Generally, lightweight aggregate produced at, for example, ~ 1200°C provides the best mechanical properties, but deteriorates its porosity. To obtain the most favorable properties of artificial aggregate, the sintering temperature should be determined individually depending on the raw materials used, using available techniques, e.g. high-temperature microscopy (HSM). The sintering method also enables the production of aggregate in a short time. However, sintering requires a large amount of energy during production, which affects its price. Generally, the sintering method is widely used around the world in some popular commercial products such as LECA and Lytag. These are some of the most popular artificial lightweight aggregates that have been commercialized on the market to replace natural aggregate. Due to costs, energy consumption and CO2 emissions, new methods such as cold bonding and autoclaving are being investigated.
In the autoclaving method, the hardening and strength of the granules are achieved by pressure and temperature.
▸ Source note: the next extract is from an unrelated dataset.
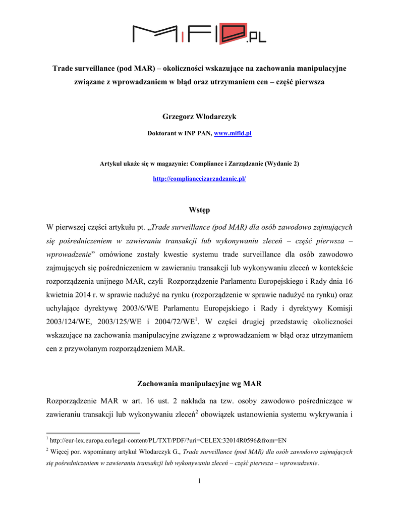 Trade surveillance (pod MAR) – okoliczności wskazujące na zachowania manipulacyjne związane z wprowadzaniem w błąd oraz utrzymaniem cen – część pierwsza Grzegorz Włodarczyk Doktorant w INP PAN, www.mifid.pl Artykuł ukaże się w magazynie: Compliance i Zarządzanie (Wydanie 2) http://complianceizarzadzanie.pl/ Wstęp W pierwszej części artykułu pt. „Trade surveillance (pod MAR) dla osób zawodowo zajmujących się pośredniczeniem w zawieraniu transakcji lub wykonywaniu zleceń – część pierwsza – wprowadzenie” omówione zostały kwestie systemu trade surveillance dla osób zawodowo zajmujących się pośredniczeniem w zawieraniu transakcji lub wykonywaniu zleceń w kontekście rozporządzenia unijnego MAR, czyli Rozporządzenie Parlamentu Europejskiego i Rady dnia 16 kwietnia 2014 r. w sprawie nadużyć na rynku (rozporządzenie w sprawie nadużyć na rynku) oraz uchylające dyrektywę 2003/6/WE Parlamentu Europejskiego i Rady i dyrektywy Komisji 2003/124/WE, 2003/125/WE i 2004/72/WE1. W części drugiej przedstawię okoliczności wskazujące na zachowania manipulacyjne związane z wprowadzaniem w błąd oraz utrzymaniem cen z przywołanym rozporządzeniem MAR. Zachowania manipulacyjne wg MAR Rozporządzenie MAR w art. 16 ust. 2 nakłada na tzw. osoby zawodowo pośredniczące w zawieraniu transakcji lub wykonywaniu zleceń2 obowiązek ustanowienia systemu wykrywania i 1 http://eur-lex.europa.eu/legal-content/PL/TXT/PDF/?uri=CELEX:32014R0596&from=EN 2 Więcej por. wspominany artykuł Włodarczyk G., Trade surveillance (pod MAR) dla osób zawodowo zajmujących się pośredniczeniem w zawieraniu transakcji lub wykonywaniu zleceń – część pierwsza – wprowadzenie. 1 powiadamiania o podejrzanych zleceniach i transakcjach. Jednocześnie art. 16 ust. 5 zawiera odwołanie do wydawanego przez Komisję Europejska rozporządzenia w którym określone zostaną właściwe rozwiązania, systemy i procedur dla przedmiotowych osób, tak aby przestrzegały one wymogów ustanowionych w Rozporządzeniu MAR. Rozporządzenie wykonawczym jest w tym przypadku Rozporządzenie Delegowane Komisji (UE) 2016/522 z dnia 17 grudnia 2015 r. uzupełniające rozporządzenie Parlamentu Europejskiego i Rady (UE) nr 596/2014 w kwestiach dotyczących wyłączenia niektórych organów publicznych i banków centralnych państw trzecich, okoliczności wskazujących na manipulację na rynku, progów powodujących powstanie obowiązku podania informacji do wiadomości publicznej, właściwych organów do celów powiadomień o opóźnieniach, zgody na obrót w okresach zamkniętych oraz rodzajów transakcji wykonywanych przez osoby pełniące obowiązki zarządcze podlegających obowiązkowi powiadomienia3 (dalej: Rozporządzenie Delegowane). Dodatkowo Rozporządzenie Delegowane bazuje na Załączniku I do Rozporządzenia MAR, który wskazuje na okoliczności wskazujące na zachowania manipulacyjne związane z wprowadzaniem w błąd oraz utrzymaniem cen oraz na okoliczności wskazujące na zachowania manipulacyjne związane ze stosowaniem fikcyjnych narzędzi lub innych form wprowadzania w błąd lub podstępu. Okoliczności wskazujące na zachowania manipulacyjne związane z wprowadzaniem w błąd oraz utrzymaniem cen Do najważniejszych okoliczności wskazujące na zachowania manipulacyjne związane z wprowadzaniem w błąd oraz utrzymaniem cen należą: 1. Colluding in the after-market of an Initial Public Offer – czyli tzw. zmowa na rynku wtórnym pierwszej oferty publicznej, które polega na kupnie (również przez strony będące w zmowie) instrumentu finansowego po alokacji na rynku pierwotnym w celu ustalenia cen na sztucznym poziomie i wywołania zainteresowania innych inwestorów. Zgodnie z wytycznymi CESR – Market Abuse Directive: Level 3 – First set of CESR guidance and information on the common operation of the Directive (dalej jako: 3 http://eur-lex.europa.eu/legal-content/PL/TXT/PDF/?uri=CELEX:32016R0522&from=PL 2 Wytyczne CESR 1) to zachowanie manipulacyjne jest powiązane z tzw. pierwszą ofertą publiczną4, czyli z tzw. IPO (Initial Public Ofrering), przede wszystkim akcji5. To zachowanie manipulacyjne powinny monitorować przede wszystkim domy maklerskie, w szczególności te, które organizują IPO dla emitentów. 2. Creation of a floor, or a ceiling in the price pattern – czyli tzw. tworzenie dolnego lub górnego pułapu wzorca ceny, czyli zachowanie manipulacyjne polegające na transakcji lub zleceniu zawarcia transakcji przeprowadzone w sposób stwarzający przeszkody dla instrumentu finansowego powodujące spadek cen poniżej pewnego poziomu lub wzrost tych cen powyżej pewnego poziomu głównie w celu uniknięcia negatywnych konsekwencji wynikających ze zmian ceny instrumentu finansowego. To zachowanie manipulacyjne często przeprowadzane jest przez spółki, np. w celu uniknięcia negatywnych konsekwencji, jak np. spadek ratingu spółki. 3. Ping orders – czyli tzw. zlecenia służące sondowaniu. Polega na wprowadzaniu małych zleceń zawarcia transakcji w celu ustalenia poziomu ukrytych zleceń, a w szczególności w celu dokonania oceny zleceń ukrytej płynności. To zachowanie manipulacyjne, jak sama nazwa wskazuje jest tzw. order-based scenario, czyli zachowaniem manipulacyjnym mającym zastosowanie do zleceń zawarcia transakcji, nie zaś do transakcji zawartych. Powinno być monitorowane przez domy maklerskie (co do zleceń na rynkach regulowanych np. rynek Giełdy Papierów Wartościowych w Warszawie S.A.), ale także pomocniczo i fakultatywnie przez banki (np. na rynkach typu Treasury Bondspot Poland). 4. Phishing – czyli wykonywanie zleceń zawarcia transakcji lub serii zleceń zawarcia transakcji w celu ujawnienia zleceń innych uczestników, a następnie wprowadzanie zlecenia zawarcia transakcji w celu wykorzystania przewagi z uzyskanych informacji. To zachowanie manipulacyjne, podobnie jak powyższe, jak sama nazwa wskazuje jest tzw. order-bas

There are research papers describing the autoclaving process for the production of aggregates (Wang 2022, Wang 2020). In their research, the authors dry the aggregate at room temperature for 24 hours and then harden it at a temperature of up to 200° C for several hours. Through this procedure, they obtained aggregate very quickly. Tests have shown that a small amount of binding material is required to consolidate the aggregate. Unfortunately, there is not enough research on the effectiveness of the autoclaving method. This is because this method requires a specialized machine with precise temperature and pressure control to harden the aggregate. Furthermore, the autoclave is very expensive and requires high energy consumption and large production facilities to complete the process.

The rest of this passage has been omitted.